Si los precios del cobre siguen siendo altos o siguen subiendo, 2021 podría ser un segundo año de este tipo.
"El cobre a 10.000 dólares la tonelada corre el peligro de colapsar la demanda, especialmente con estas tendencias emergentes de evolución de las opciones materiales. No hay duda de que el cobre podría ser una de las mejores opciones para la potencia o la transferencia de calor, pero con la "relación cobre-aluminio" ahora muy por encima de 3,5:1, lo que aceleraría la sustitución, los riesgos son claros"."
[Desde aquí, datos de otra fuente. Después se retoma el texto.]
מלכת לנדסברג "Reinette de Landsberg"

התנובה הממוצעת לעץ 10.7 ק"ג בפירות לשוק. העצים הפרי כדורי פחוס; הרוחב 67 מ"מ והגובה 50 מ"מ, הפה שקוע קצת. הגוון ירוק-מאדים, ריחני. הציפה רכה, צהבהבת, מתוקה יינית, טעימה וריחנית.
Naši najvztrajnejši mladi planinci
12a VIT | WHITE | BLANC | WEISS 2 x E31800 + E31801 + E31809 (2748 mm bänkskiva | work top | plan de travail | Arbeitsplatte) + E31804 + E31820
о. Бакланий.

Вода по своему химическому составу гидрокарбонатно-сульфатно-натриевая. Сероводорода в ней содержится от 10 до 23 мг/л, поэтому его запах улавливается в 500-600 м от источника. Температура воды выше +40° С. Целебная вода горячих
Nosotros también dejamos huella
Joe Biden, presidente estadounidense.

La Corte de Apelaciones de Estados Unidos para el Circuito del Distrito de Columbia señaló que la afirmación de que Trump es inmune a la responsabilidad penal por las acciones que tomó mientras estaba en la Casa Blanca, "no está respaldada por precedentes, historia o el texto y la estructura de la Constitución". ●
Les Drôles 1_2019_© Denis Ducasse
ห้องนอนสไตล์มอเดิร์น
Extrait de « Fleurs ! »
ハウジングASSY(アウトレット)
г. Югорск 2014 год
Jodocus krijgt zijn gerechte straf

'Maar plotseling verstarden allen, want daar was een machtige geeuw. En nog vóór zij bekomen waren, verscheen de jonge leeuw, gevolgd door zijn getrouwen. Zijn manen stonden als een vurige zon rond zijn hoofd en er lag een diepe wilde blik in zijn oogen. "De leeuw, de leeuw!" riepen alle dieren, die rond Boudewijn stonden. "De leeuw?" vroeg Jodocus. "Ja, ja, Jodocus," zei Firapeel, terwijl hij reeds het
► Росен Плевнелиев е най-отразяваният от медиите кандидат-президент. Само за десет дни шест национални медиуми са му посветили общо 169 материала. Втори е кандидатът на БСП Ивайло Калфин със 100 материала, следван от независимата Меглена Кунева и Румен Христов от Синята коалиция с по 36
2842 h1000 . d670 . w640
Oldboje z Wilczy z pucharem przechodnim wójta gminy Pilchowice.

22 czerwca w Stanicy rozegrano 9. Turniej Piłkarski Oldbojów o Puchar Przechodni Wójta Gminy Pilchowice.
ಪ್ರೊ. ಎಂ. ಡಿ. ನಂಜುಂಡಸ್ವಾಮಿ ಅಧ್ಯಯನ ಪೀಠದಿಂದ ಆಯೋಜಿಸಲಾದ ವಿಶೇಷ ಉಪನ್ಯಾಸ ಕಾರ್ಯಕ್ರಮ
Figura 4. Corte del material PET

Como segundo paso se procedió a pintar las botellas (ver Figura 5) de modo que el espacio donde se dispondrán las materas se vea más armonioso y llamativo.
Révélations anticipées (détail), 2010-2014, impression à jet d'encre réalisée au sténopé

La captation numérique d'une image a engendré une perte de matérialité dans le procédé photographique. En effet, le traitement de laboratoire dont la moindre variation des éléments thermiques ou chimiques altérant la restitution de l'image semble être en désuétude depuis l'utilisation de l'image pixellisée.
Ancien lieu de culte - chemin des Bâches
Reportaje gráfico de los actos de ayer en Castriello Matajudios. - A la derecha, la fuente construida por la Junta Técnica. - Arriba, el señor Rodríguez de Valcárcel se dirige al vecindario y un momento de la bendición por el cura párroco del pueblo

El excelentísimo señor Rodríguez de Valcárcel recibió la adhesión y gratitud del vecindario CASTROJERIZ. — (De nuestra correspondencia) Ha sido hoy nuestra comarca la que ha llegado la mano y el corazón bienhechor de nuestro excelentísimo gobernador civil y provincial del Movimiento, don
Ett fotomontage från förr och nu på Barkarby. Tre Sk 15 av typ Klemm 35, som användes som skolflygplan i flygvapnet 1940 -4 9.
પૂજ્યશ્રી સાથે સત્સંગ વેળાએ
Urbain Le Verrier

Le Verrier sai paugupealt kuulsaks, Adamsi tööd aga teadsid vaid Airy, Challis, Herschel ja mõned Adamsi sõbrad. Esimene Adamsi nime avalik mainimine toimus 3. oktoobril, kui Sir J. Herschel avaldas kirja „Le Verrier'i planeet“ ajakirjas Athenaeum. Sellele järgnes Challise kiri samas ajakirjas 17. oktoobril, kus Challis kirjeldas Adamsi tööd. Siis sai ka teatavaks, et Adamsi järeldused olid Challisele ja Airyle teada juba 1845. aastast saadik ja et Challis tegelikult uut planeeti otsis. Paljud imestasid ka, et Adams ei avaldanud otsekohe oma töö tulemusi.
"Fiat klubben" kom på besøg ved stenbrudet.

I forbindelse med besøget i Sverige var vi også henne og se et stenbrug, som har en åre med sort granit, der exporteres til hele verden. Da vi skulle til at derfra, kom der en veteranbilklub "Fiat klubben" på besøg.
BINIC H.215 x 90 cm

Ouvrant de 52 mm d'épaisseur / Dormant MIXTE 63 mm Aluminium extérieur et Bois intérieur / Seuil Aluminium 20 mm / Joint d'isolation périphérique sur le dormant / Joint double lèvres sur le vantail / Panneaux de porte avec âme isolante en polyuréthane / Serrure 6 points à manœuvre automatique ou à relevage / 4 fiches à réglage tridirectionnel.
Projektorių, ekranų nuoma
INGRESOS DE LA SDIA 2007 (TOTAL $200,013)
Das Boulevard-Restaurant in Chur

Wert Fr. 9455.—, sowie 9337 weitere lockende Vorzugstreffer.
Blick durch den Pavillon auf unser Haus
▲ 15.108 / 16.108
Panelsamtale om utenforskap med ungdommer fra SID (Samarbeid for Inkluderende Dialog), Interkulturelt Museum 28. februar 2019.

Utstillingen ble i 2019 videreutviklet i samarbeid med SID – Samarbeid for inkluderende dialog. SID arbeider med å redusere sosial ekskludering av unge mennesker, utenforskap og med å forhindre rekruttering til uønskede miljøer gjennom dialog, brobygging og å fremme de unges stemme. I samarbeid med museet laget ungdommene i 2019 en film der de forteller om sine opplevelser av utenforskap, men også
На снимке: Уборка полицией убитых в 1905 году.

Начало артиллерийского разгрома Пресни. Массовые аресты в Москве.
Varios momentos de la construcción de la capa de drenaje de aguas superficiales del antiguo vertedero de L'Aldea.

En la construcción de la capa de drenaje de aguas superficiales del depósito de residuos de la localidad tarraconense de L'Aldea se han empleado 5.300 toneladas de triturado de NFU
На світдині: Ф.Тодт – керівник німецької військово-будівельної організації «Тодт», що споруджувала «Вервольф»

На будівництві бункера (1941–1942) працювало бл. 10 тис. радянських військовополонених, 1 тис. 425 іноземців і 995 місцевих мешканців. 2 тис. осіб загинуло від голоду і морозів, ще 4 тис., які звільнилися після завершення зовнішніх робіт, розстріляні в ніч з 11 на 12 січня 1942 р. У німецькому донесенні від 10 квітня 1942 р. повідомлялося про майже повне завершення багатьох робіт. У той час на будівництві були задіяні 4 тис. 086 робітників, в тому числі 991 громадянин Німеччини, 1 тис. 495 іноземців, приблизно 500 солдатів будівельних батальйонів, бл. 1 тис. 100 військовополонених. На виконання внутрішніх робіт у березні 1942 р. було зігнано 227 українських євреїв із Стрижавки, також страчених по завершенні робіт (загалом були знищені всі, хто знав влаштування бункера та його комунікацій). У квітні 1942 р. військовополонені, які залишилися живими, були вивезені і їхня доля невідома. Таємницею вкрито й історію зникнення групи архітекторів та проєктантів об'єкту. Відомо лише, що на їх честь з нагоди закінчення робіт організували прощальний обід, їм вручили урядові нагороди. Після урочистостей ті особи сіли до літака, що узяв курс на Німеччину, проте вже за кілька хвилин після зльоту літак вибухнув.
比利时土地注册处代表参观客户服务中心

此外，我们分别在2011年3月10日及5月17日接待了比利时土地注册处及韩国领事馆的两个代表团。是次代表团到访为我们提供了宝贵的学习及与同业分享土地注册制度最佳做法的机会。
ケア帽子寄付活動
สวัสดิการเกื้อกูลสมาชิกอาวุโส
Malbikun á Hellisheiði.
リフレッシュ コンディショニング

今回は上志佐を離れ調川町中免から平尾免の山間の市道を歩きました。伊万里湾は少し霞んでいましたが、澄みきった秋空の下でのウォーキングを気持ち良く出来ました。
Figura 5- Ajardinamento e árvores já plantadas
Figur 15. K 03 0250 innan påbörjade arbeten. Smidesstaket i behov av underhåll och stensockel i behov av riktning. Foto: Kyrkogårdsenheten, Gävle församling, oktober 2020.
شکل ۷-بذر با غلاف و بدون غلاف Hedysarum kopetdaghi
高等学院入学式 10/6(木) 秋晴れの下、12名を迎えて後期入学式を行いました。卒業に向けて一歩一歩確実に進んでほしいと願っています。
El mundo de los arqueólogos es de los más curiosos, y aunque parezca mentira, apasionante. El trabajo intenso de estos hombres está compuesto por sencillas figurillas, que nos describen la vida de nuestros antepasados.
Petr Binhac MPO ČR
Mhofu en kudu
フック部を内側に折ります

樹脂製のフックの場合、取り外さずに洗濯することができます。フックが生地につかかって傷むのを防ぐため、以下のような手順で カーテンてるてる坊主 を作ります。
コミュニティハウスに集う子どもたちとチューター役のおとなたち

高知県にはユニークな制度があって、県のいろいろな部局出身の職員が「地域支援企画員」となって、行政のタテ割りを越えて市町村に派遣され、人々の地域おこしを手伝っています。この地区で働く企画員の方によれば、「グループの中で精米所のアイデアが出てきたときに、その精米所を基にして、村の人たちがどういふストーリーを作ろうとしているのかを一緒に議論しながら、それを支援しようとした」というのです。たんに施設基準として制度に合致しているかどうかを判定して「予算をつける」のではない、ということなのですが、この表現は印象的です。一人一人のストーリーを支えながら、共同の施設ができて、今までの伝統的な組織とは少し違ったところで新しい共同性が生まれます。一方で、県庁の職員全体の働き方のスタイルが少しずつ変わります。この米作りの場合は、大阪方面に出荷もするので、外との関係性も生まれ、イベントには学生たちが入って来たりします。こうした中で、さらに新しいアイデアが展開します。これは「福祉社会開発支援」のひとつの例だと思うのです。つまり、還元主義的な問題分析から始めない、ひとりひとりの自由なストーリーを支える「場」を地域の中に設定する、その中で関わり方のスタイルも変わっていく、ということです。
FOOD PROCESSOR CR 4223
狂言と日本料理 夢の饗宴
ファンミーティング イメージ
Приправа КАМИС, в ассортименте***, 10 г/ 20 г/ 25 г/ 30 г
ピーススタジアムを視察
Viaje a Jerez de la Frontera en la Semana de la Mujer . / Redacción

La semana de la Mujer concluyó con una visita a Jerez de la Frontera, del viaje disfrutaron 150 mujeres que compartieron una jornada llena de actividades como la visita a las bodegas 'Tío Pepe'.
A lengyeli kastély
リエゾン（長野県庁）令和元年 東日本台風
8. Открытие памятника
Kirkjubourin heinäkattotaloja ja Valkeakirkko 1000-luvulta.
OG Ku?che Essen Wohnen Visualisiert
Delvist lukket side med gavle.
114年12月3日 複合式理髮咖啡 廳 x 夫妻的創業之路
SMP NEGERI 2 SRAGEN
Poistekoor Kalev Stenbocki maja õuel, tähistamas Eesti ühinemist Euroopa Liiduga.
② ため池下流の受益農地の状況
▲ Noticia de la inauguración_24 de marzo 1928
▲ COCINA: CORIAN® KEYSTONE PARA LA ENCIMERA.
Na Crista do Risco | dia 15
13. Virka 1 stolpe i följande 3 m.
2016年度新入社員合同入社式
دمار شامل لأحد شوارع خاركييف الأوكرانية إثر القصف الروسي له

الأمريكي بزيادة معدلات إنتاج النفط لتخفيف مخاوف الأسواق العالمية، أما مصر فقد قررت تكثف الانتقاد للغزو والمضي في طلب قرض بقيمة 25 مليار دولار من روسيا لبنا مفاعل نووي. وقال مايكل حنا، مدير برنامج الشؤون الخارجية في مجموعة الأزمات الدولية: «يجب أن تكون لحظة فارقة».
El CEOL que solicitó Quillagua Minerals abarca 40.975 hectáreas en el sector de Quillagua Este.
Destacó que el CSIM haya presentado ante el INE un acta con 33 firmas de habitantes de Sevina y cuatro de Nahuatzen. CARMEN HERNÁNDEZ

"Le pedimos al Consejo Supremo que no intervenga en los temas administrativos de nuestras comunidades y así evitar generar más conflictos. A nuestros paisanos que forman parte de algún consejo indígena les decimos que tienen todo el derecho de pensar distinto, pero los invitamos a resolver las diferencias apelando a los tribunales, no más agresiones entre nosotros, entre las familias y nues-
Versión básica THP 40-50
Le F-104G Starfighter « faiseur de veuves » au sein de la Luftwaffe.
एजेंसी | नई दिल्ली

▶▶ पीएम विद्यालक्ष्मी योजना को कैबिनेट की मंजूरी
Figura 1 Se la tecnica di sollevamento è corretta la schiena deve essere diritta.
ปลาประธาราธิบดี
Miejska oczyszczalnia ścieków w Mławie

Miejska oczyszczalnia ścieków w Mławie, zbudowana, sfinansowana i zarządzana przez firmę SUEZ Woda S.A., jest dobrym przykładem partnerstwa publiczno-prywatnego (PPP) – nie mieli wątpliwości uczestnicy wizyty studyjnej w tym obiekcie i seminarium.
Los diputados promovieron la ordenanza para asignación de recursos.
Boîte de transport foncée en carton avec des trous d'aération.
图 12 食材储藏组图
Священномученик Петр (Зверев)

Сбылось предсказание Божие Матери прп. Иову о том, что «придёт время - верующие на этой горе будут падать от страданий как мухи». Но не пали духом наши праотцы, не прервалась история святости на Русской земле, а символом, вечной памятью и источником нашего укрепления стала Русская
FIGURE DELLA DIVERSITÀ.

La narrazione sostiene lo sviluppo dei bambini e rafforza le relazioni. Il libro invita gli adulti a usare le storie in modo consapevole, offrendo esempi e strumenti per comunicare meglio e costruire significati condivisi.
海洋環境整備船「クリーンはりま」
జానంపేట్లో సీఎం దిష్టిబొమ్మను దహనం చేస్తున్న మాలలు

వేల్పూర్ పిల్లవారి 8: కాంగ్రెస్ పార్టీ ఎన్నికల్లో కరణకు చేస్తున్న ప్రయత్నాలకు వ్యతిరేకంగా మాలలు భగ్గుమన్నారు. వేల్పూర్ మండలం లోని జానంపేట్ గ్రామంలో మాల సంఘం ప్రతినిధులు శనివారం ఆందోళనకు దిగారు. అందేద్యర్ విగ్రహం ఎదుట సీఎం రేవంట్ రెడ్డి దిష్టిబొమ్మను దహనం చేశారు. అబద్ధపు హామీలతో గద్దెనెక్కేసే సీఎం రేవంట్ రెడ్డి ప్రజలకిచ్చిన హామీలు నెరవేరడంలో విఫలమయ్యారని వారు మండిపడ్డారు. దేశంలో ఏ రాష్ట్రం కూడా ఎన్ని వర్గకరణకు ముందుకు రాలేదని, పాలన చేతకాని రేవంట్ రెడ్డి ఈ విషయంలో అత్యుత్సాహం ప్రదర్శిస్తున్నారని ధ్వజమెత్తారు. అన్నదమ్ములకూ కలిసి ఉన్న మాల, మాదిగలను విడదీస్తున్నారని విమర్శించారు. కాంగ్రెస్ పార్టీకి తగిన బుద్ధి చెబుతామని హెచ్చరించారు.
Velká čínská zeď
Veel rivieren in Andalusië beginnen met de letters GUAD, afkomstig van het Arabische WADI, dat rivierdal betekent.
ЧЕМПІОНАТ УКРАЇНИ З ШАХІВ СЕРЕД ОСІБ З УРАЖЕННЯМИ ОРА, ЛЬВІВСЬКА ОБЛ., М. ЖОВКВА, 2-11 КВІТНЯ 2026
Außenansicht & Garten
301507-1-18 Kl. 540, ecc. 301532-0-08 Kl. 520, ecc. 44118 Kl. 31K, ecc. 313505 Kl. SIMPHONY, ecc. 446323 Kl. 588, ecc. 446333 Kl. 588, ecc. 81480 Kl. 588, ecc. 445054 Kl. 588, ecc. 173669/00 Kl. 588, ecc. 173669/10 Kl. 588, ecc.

Si bien la demanda física puede estar acercándose a su límite, la demanda financiera de cobre sigue siendo fuerte, ya que los especuladores -que nunca aceptan la entrega física- apuntalan los precios a partir del apalancamiento rampante y billones de dólares de liquidez del banco central.
La pregunta es cuándo este precio artificialmente impulsado alcanzará su límite, y si el próximo desplome del cobre será similar al desplome de los precios del petróleo a finales del verano de 2008, cuando el crudo Brent cayó de 150 dólares el barril a 30 dólares durante el desapalancamiento de Lehman.
Hasta entonces, tenemos que estar atentos a una nueva ronda de historias de terror sobre la "re-mortgaging de cobre chino", no sólo la mercancía más importante que subyace a la economía china, sino también el pilar clave detrás de cientos de miles de millones de dólares de transacciones financieras chinas de cobre (CCFD), tales como:
En sólo cuatro días a finales de febrero, Mainland China Futures Economics construyó una larga posición en los contratos de cobre por valor de casi 7.000 millones de dólares.